入園した後は、まずレクチャールームに入り、今回の企画や日程について説明を受けます。その後は、全員で自己紹介をしました。「獣医師を目指しています」「動物園の飼育員になりたい」「動物が好きです」「研究に触れてみたかった」「動物愛護に関心がある」など、今回の企画に対する生徒の意気込みが伝わります。自己紹介が終わると、今度は動物園職員の方に京都市動物園のレクチャーを受けます。動物の標本を見せてもらいながら、「園で亡くなった動物の皮や骨を資料として使わせてもらっています。例えば、骨格標本も何のためにあるかというと、動物の生態をより深く知るためなのです。」とお話が始まります。お話の中で、私が特に興味深く感じたのは、野生動物に触れたいと思う欲求は生理的なものかも知れないという内容でした。動物園の企画でジャガーの毛皮とゾウの毛皮を子どもたちに触ってよいと言うと、ほとんどの子どもがジャガーの毛皮を触ろうとするそうです。近年、動物愛護の観点から毛皮の生産を禁止するという話をよく聞きますが、色々と考えさせられました。
その後、部屋を出て、園内を案内していただきました。飼育されている動物の説明や、動物の飼育環境を良くするための工夫など、様々にお話いただきました。

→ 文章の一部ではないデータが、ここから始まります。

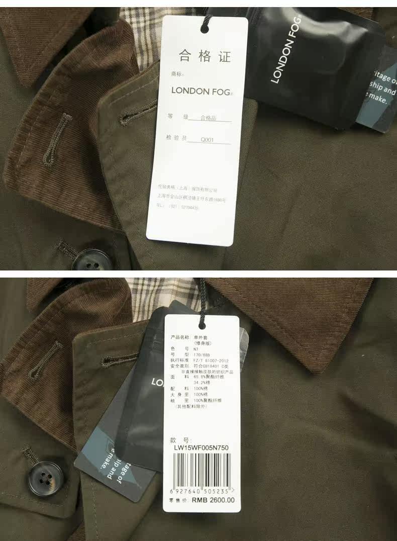 LONDON FOG/伦敦雾 Подлинная мужская функциональная куртка отворота с двойной светистой китайской траншевой пальто LW15WF005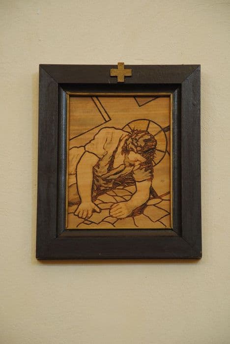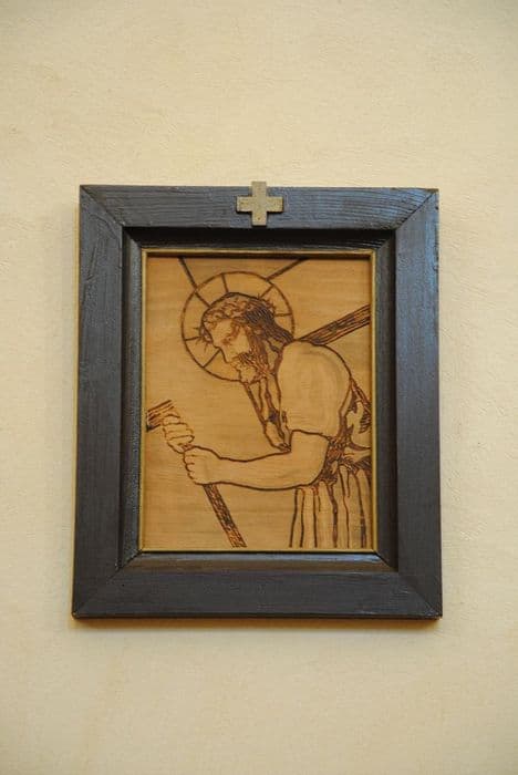 peinture monumentale ; tableau ; autel ; table ; siège ; chemin de croix ; luminaire d'applique d'église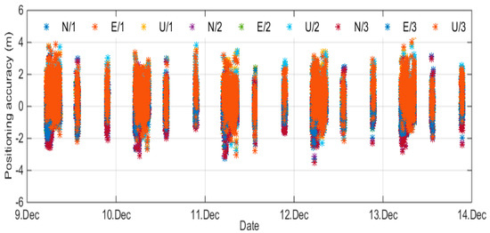 To evaluate the presented method and validate the impact of the time-varying code bias on the satellite clock error, the performance of the computed satellite clock error with Methods 1, 2 and 3 in the P1/P5 based SPP is analyzed. In processing, the elevation-dependent weight of Equation (9) is used. The corrections such as Earth rotation, Earth tides and relativistic effects are implemented. The tropospheric delay is corrected using the Saastamoinen model. An estimator of least squares is used to solve the epoch-wise coordinates in Methods 1, 2 and 3. The IGS final orbit product is used in three strategies. The SPP solution with respect to the ground truth coordinates are computed for three coordinates of north, east and up and the results for the three Methods are illustrated in Figure 7. The RMSs of SPP solution for three coordinates of north, east and up are in Table 2. Figure 7 and Table 2 show that the results for Method of 2 are better than that of 1. This demonstrates the accuracy of the constant part of the estimated combined code bias is better than that of DCB products and further indicates that the DCB products cannot be used to replace the constant part of IFCB. The results for the Methods of 2 and 3 show that the time-varying part of IFCB estimated with phase observation is better than that of code observation. This can be explained by the effect of the noise and multipath on the estimated code-based IFCB.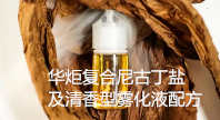 华炬科技新产品研究所技术咨询委员会科研人员现推荐一项一种复合尼古丁盐及清香型雾化液配方,该技术有益效果: (1) 该技术的复合尼古丁盐,通过乳酸、乙酰丙酸、丙酸和尼古丁的相互作用,提高尼古丁的可吸收性,减轻尼古丁的刺激性,并且提高与香料相容性、协调性,能够用于制备雾化液。且复合尼古丁盐的制备方法简单、方便、安全,可大规模生产(2) 该技术的清香型雾化液,包含复合尼古丁盐、甘油、丙二醇和香料基液,其中,复合尼古丁盐能够与香料基液相容,使得制得的清香型雾化液雾化后的香气宜人、持久,不含杂味或者杂味少;低含量的复合尼古丁盐即可满足戒烟人群的解瘾需要;同时雾化液雾化后的气体对人体的刺激性小,能够满足消费者的健康要求,现将该一种复合尼古丁盐及清香型雾化液配方及技术方案及实施例介绍如下供研究交流参考:(211241 335411)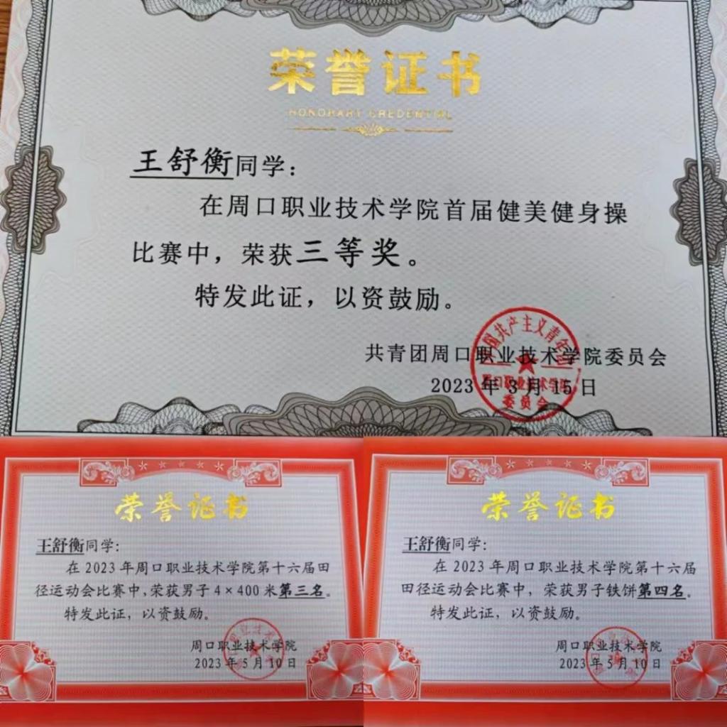 王舒衡,22级康复治疗技术专业学生,现担任yl23411永利(集团)有限公司官网医学院团总支社会实践部副部长,他的综合成绩排在班级前列,在校期间,他积极参加各项比赛,在第十六届田径运动会中,荣获男子4×400第三名和男子铁饼第四名,在首届健美操大赛中,荣获三等奖还荣获了校级三好学生。这些经历不仅丰富了他的大学生活,也让他提升了自身的责任感。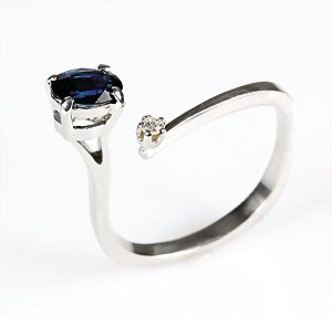 Saphir-Ring, WG 585/000, 1 Saphir ca. 0,65 ct (facettiert), 1 Diamant weiß, RW ca. 53, (eckige Ringschiene !)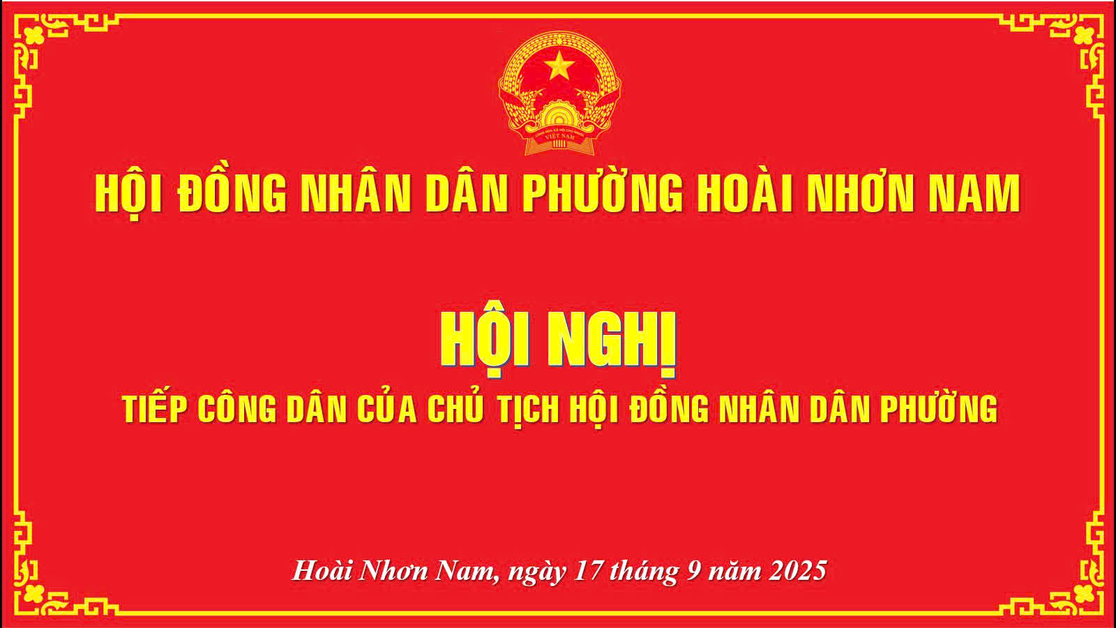 - Căn cứ Quyết định số 39/QĐ-HĐND ngày 20/8/2025 của HĐND phường Hoài Nhơn Nam về việc ban hành Quy chế tiếp công dân của Thường trực HĐND phường khóa I, nhiệm kỳ 2021-2026.

案内していただいた後は、お昼休みを挟み、先生方のレクチャーを受けます。先生方のお話は四つの内容に分かれており、生徒たちは興味を持った内容ごとに分かれて実習をすることになっています。〈①動物福祉に関する内容〉では、「動物にも感情があり動物の心身の状態を考慮して関わることが大切だ。」とお話いただきました。環境エンリッチメントは、単に檻におもちゃを入れておけばいいというものではなく、対象となる動物の生育地の環境や動物の生態を理解した上で整備するものだという内容には考えさせられました。〈②キリンの母子関係に関する研究〉では、「キリンは野生下において離合集散型(=集団を形成するメンバーが固定ではなく、短ければ数時間でメンバーが入れ替わる)の集団を形成するが、飼育下においては集団のメンバーが変化しないためにストレスを受けていると考えられるので、社会環境について考えることが必要だ。」とお話いただきました。動物園で飼育されることによって、動物が本来あるべき集団を形成できていないという内容に驚きました。〈③大型類人猿における社会集団に関する研究〉では、「チンパンジーとボノボは川を挟んだ向かい側という非常に近い距離に棲んでおり、同じ離合集散型の群れを形成している。しかしながらそれぞれの集団で、チンパンジーはオス優位で階層的、ボノボはメス優位で平和的といったように社会性は大きく異なっている。」とお話いただきました。アフリカ現地でのフィールドワークは長ければ半年もかかり、セスナをチャーターしたり車のタイヤやオノなどを自分で購入して持参したりといった研究の大変さに驚きました。〈④比較認知科学の観点から身近な動物を考える〉では、「動物を深く知ることを通してヒトとは何かを理解し、ヒトと動物とのよりよい共生社会を目指している。中でも、最近は伴侶動物のような身近な動物とヒトとの絆について興味があり研究を進めている。」とお話いただきました。現在日本では年間約2万匹のイヌ・ネコが殺処分されており、その背景にはヒトと動物が上手に絆を形成できていないことが原因としてあるかもしれないという話や動物の家畜化といった話など、非常に興味深い内容でした。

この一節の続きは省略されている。